Система нужна, чтобы ограничить зло, идущее от людей. Есть системы — наоборот, дают простор злу в нас, раскрывают самое низменное, животное, зверское. И в таких системах имеются люди, которые наживаются на горе и бедах. В свою очередь есть системы, где зло в человеке ограничивают самим устройством жизни: подобные системы не дают воли сорному, жестокому, низменному.
Но везде, всегда и всюду источник зла — человек.
Мы болеем, гнием в лагерях, очередях, терпим нужду, хиреем, израненные именно ближними. Не вещи тиранят нас, не природа, а люди, ближние. Лишь человек производит зло.
И какую бы совершенную систему государственного устройства ни создать — она будет покоиться на человеке, а с человеком и приходит зло. Нет ни коммунистов, ни фашистов — есть люди… и зло.
Поэтому мир был, есть и будет только одним: противоборством Добра со Злом.
Добро и Зло.
Единственное, ради чего стоит жить, — Добро и Любовь.
Но Добро через Зло невозможно. Добро через Зло — это уничтожение человеческого в людях, одичание.
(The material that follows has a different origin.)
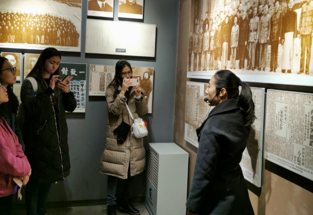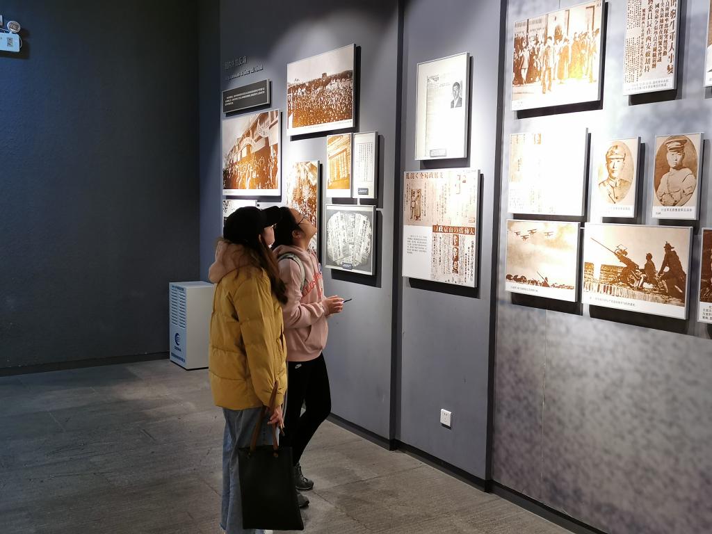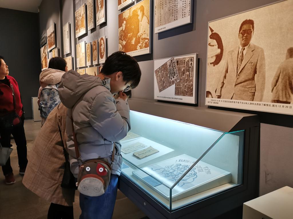 在参观过程中,同学们发现“报纸、杂志类展品和历史照片的占比很大”。展厅中那一张张报纸、一本本杂志拼接成了一个紧张的1936,一个热血的1936。同学们不时驻足观看,认真听取讲解,讨论相关内容,深刻认识到报界、新闻出版界的舆论宣传对于鼓舞士气、剖析时局、传播最新讯息的重要意义。

В одной из документальных книг о войне русский солдат, у которого война отняла все — не только детей, даже старую мать, — кричит пленному немцу:
— «Гитлер капут»? Теперь твердишь «Гитлер капут!»? Ну уж это хрен! Нашли чем оправдываться! Разве можно, подлая твоя душа, одним Гитлером рассчитаться за все горе и мытарства? А вы, вы сами?!
Огромного смысла слова, просто огромадного!